Besh, compelled to do anything he could to help, made a big pot of a Louisiana classic — red beans and rice — got in a boat and went to go find hungry people.
“Here he is, this world-famous chef, in a boat dishing out red beans and rice. And one guy he gave it to — wading half-deep in water — told him, ‘Who taught you how to make red beans and rice?

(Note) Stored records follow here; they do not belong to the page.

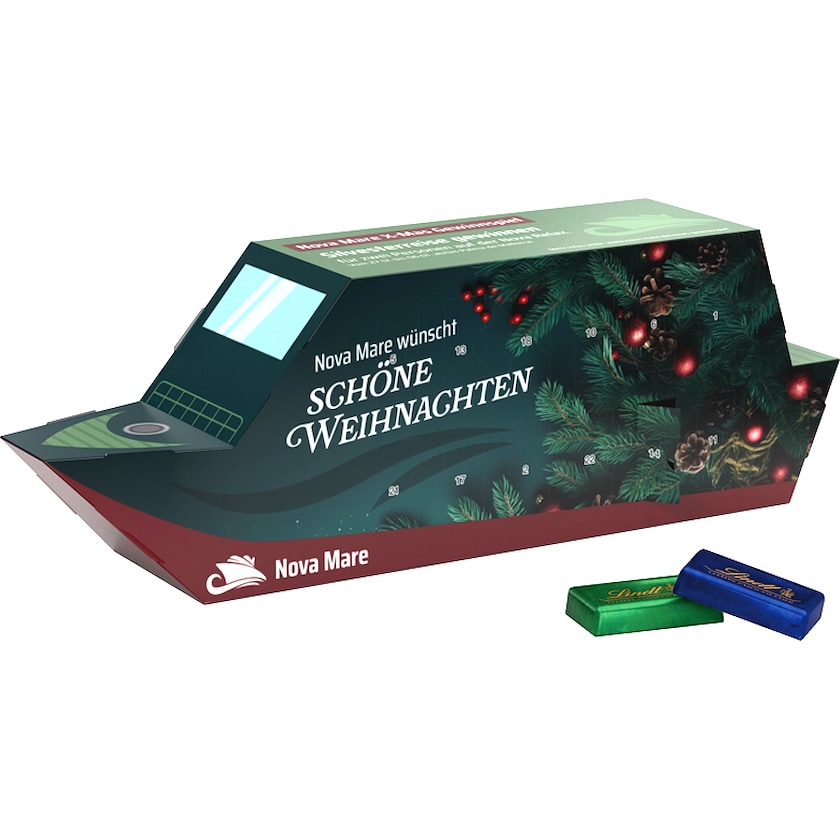 Lindt Adventskalender in Schiff-Form. Gefüllt mit Lindt-Schokolade (Milchschokolade). Die Schokoladenstücke sind in drei verschiedenen Folienfarben erhältlich.
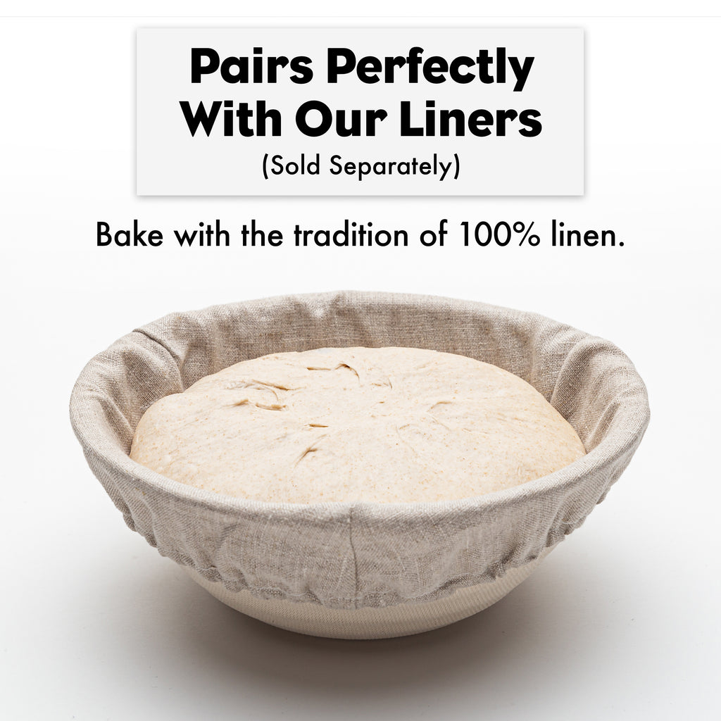 Liners are optional and come down to your personal preference. Using a banneton without a liner creates the rustic, spiral pattern on your loaf, while a liner gives a smoother surface easier for scoring.
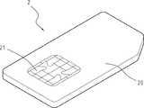 SIM(Subscriber Identity Module) 카드는, ICC(Integrated Circuit Card) 스마트 카드의 일종이고, 현재의 GSM 휴대 전화의 ID카드나 휴대식 전자 장치(예를 들면, 노트북 컴퓨터)에 자주 이용된다. 도 5에 나타낸 바와 같이, 종래의 SIM 카드(2)는, 플라스틱제의 카드 본체(20)를 구비하고, 상기 카드 본체(20)의 소정 위치에 칩(21)이 설치되고, 상기 칩(21)에 사용자의 신분 자료나 전화번호부 등의 자료가 기재된다. 상기 SIM 카드(2)를 휴대 전화(부호 생략)에 설치하면, 상기 칩(21)에 있어서의 단자가 휴대 전화의 내부에 설치되는 접속점과 연결되어 상기 휴대 전화의 안테나를 통해서 상기 자료의 전송을 행한다.A subscriber identity module (SIM) card is a kind of integrated circuit card (ICC) smart card and is often used for ID cards of current GSM mobile phones and portable electronic devices (for example, notebook computers). As shown in FIG. 5, the
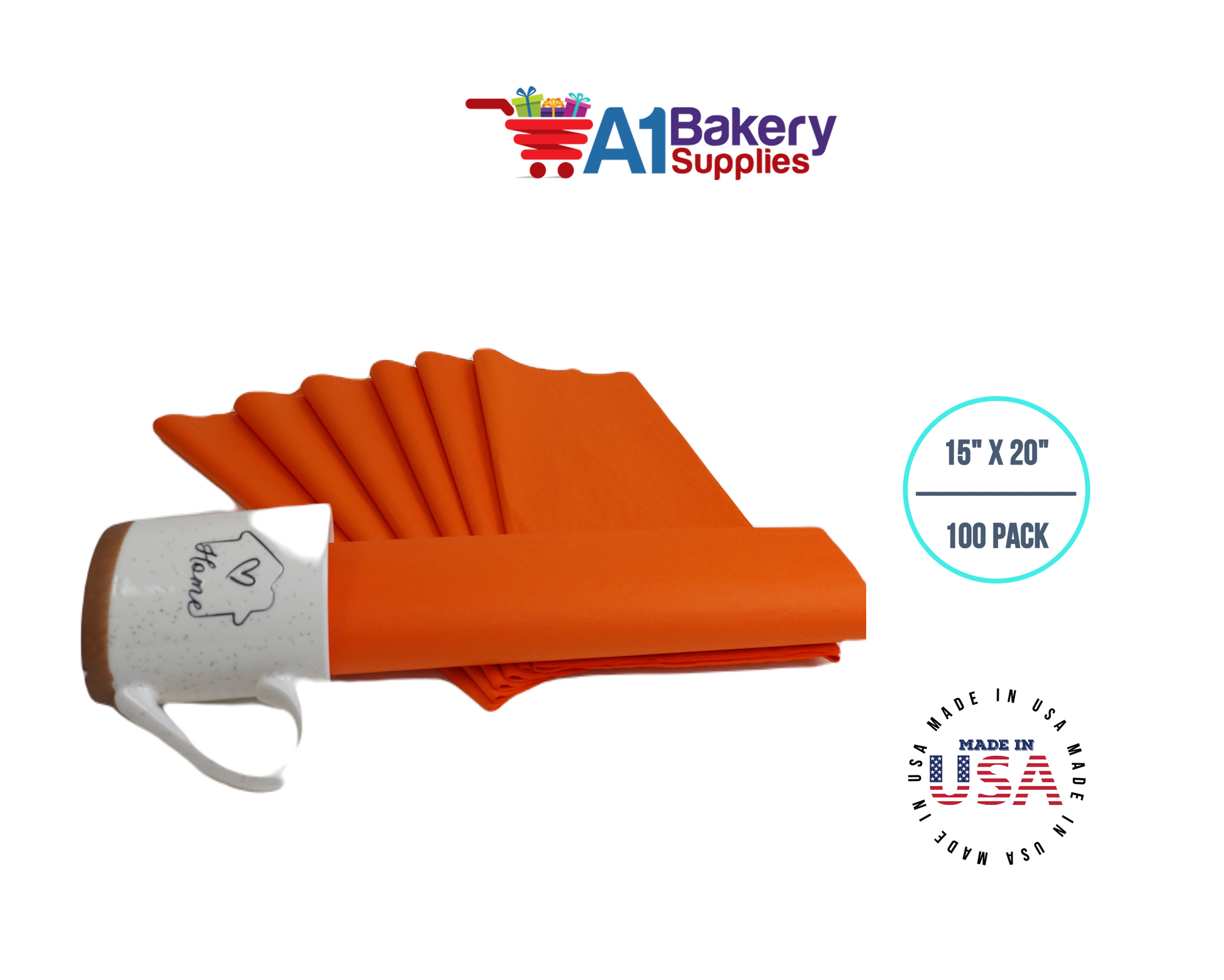 Orange Tissue Paper Squares, Bulk 100 Sheets, Premium Gift Wrap and Art Supplies for Birthdays, Holidays, or Presents Large 15 Inch x 20 Inch

My momma could make better red beans and rice than this!’” Irwin recalled. “Besh’s take on that was that two days after the storm he knew that New Orleans was going to be alright, because of the clinging to an authentic culture.”
Another story was of church member Marjorie Ball, who along with her adult daughter accompanied her nursing-home-bound husband as he was evacuated to a town in southwestern Louisiana. Just weeks after that evacuation, he had to be evacuated again due to the approach of Hurricane Rita. This time, the family was sent to the tiny town of Lake Providence, in the far northeastern corner of the state.
By the time they got there, the lone hotel in Lake Providence was fully booked. A local woman who had been helping the evacuees insisted that Ball and her daughter stay with her and her husband.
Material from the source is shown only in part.